The UX is there, for small things it does work for me, but there is still something left for LLMs to truly capture major issues.
> Do you have any examples or resources that worked well for you?
Using this particular example, if you simply paste the exact code into the prompt, the model should able to reproduce it. Now, you can start removing the bits and see how much you can remove from the prompt, e.g. simplify it to pseudocode, etc. Then you can push it further and try to switch from the pseudocode to the architecture, etc.
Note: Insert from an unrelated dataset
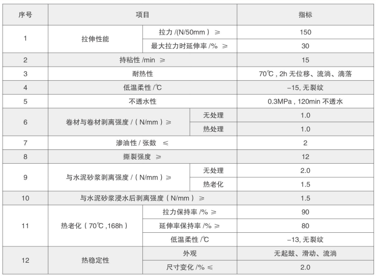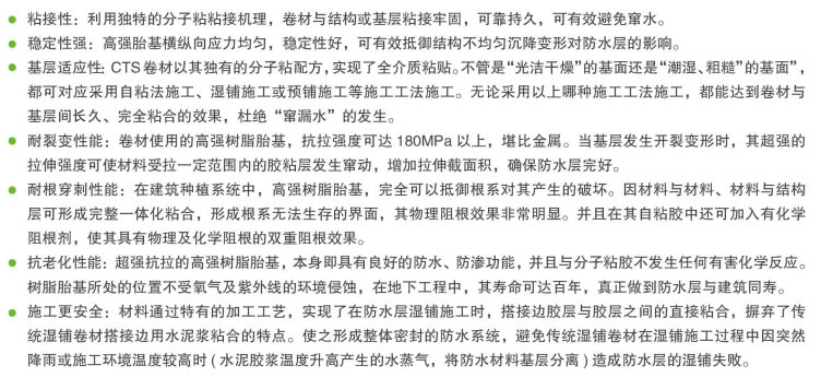 GTS高分子自粘防水卷材是以高强树脂为胎基,与特殊的自粘胶料相复合而成,可与砂浆或混凝土基层实现分子级的完美贴合。该产品具有优异的粘接性、稳定性、耐裂变性、抗老化性能、极强的抗拉强度和抗基层缝变形能力,克服了传统防水卷材的诸多不足。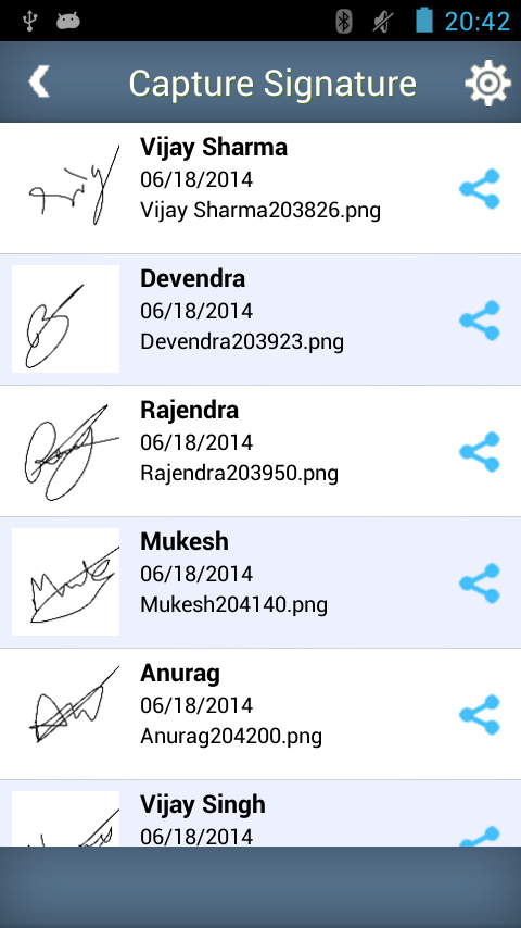 Clicking on Share Signature will show the list of all the signatures saved in the device.

That way, you'll start from something that's working and work backwards rather than trying to get there in the absence of a clear path.
That’s an interesting approach, but what do you learn from it that is applicable to the next task? Do you find that this eventually boils down to heuristics that generalize to any task? It sounds like it would only work because you already put a lot of effort into understanding the constraints of the specific problem in detail.
What worked for me was Gemini 3 Pro (I guess 3.1 should work even better now) with the prompt "This code is unnecessarily complicated. Simplify it, but no code golf". This decreased code size by about 60 %. It still did a bit of code-golfing, but it was manageable.
It is important to start a new chat so the model is not stuck in its previous mindset, and it is beneficial to have tests to verify that the simplified code still works as it did before.
Telling the model to generate concise code did not work for me, because LLMs do not know beforehand what they are going to write, so they are rarely able to refactor existing code to break out common functionality into reusable functions. We might get there eventually. Thinking models are a bit better at it. But we are not quite there yet.
I have a stupid solution for this which is working wonders. It does not help to tell the LLM "don't do this pattern". I literally make it write a regex based test which looks for that pattern and fails the test.
For example I am developing a game using GDscript, LLMs (including codex and claude) keep making scripts with no classnames and then loading them with @preload. Hate this, and its explicitly mentioned in my godot-development skill. What agents can't stand is a failing test. Feels a bit like enforcing rules automatically.
This is a stupid idea but it works wonders on giving taste to my LLM. I wonder if I should open source that test suite for other agentic developers.
I really should spend some time analyzing what I do to get the good output I get..
One thing that is fairly low effort that you could try is find code you really like and ask the model to list the adjectives and attributes that that code exhibits. Then try them in a prompt.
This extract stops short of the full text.